August 6, 2015 Category: Hostile Work Environment
The recent decision by South Carolina to remove the Confederate flag from its statehouse has been very controversial. While most Americans view the flag as a symbol of bigotry, a small minority believe it is a symbol of Southern heritage and have begun defiantly displaying it or wearing clothing that depicts it in order to show their support. This is occurring in the South and around the country, including California.
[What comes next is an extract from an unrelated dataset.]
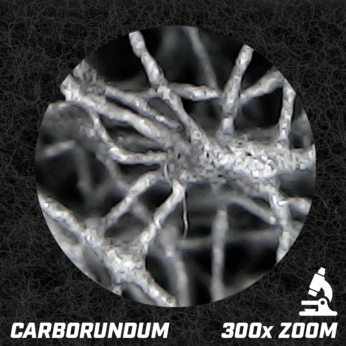 CARBORUNDUM : This is the most aggressive SCRUB only, and should be used only on standard glass - be careful on treated and special glass.

Employers and employees should be aware that the U.S. Equal Employment Opportunity Commission has repeatedly stated that the display of the Confederate flag, like the swastika or nooses, may be used as evidence of unlawful harassment in the workplace. Legal experts suggest that employees not be allowed to display the Confederate flag in their work areas, on their bodies or on their vehicles while at work. Several court decisions have also backed up the EEOC’s position on this issue, holding that the flag can be used to support an employee’s claim of a hostile workplace environment.
In order to avoid such harassment claims, employers should review their company’s discrimination policy, which likely already contains language forbidding the display of offensive words, symbols or photographs. If the company policy does not contain such language, employers should add it as soon as possible.
California employers wishing to update their company’s discrimination policies to ban the display of the Confederate flag may wish to consult with an attorney to make sure that proper, enforceable language is used. Meanwhile, employees who believe they have been the victim of a hostile work environment may benefit by speaking with an attorney to determine the remedies that may be available.